The Rule has an allowance for a “pre-fail credit” to avoid the close-out and pre-borrow requirements. To qualify for a credit, a broker-dealer must purchase securities before the start of regular trading hours on the day after the settlement date to close out the open position and: (i) the purchase must be bona fide, (ii) the purchase must be executed on or after the trade date, but no later than the end of regular trading hours on the settlement date, (iii) the purchase must cover the entire amount of the short position, and (iv) the broker-dealer must be able to demonstrate through its books and records that it has a net long or net flat position on the settlement date for which it is seeking to show that it purchased shares to close out the open short position.

The Rule permits an introducing broker-dealer to avoid the pre-borrow requirements if it provides a timely certification to its clearing firm that it has not incurred a fail to deliver position on the settlement date for a long or short sale in an equity security for which the clearing firm has a fail to deliver position. Alternatively, the introducing broker-dealer can certify  that it qualifies for a “pre-fail credit” with respect to the failed position.

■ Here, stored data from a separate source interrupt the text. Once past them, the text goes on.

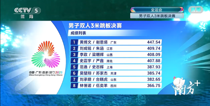11月6日晚间,十五运会跳水男子双人3米板项目迎来决赛,共有12支队伍参加最终角逐。广东队的谢思埸/黄博文组合发挥稳定,在六轮比赛过后以447.54分夺冠,江苏队的刘成铭/朱涵这对“老将组合”凭借硬实力+大心脏顶住了压力,以409.74分获得亚军,山西队的李政/梁朝辉以408.09分位列第三。其中,刘成铭是由亭湖培养输送的跳水运动员。
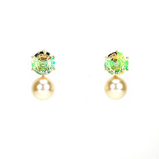 晶透的亮彩水晶,內有花形切割,搭配優雅珍珠墜飾,配戴起來華麗甜美!
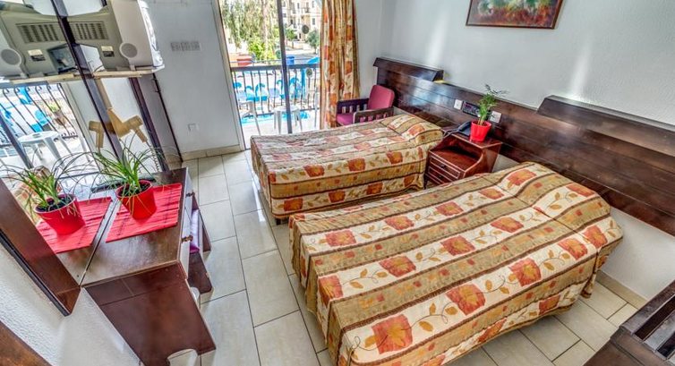 Отдыхала с подругой в отеле с 16 по 26 июля. Отель очень понравился! Я бы дала ему 4*. Все фото в интернете соответствуют действительности. Хорошие номера, бассейн, бар, где можно посидеть. До моря 6 минут( специально засекали). Из минусов: скудное и однообразное питание по утрам и уборка номеров. Ко мне приходили убираться в сиесту(которую сами устроили, я имею ввиду киприотов), т.е. когда мы отдыхали после моря часа в 2.00. В остальном претензий к отелю нет. Девочки на ресепшен всегда помогут, ответят на все вопросы. Кондиционер и телевизор работали, правда нет русского канала, хотя некоторые туроператоры пишут о наличии. Можно взять на прокат холодильник-3 евро в день.

The Rule also has an exception to the close-out provisions for securities sold pursuant to Rule 144 of the Securities Act of 1933. Specifically, the Rule provides that if a clearing firm has a fail to deliver position in an equity security sold pursuant to Rule 144 for 35 consecutive days after the settlement date, the clearing firm must, by no later than the beginning of regular trading hours on the 36th consecutive day, immediately close out the position by purchasing securities of like kind and quantity.

Finally, as noted above, the Rule includes an exception for registered market makers engaged in bona fide market making activities. Such market makers have two additional days to close out their positions. Additionally, market makers are no longer required to attest in writing that the fail was due to bona fide market making activities.

The SEC is requesting public comments on the Rule, which should be received before December 16, 2008.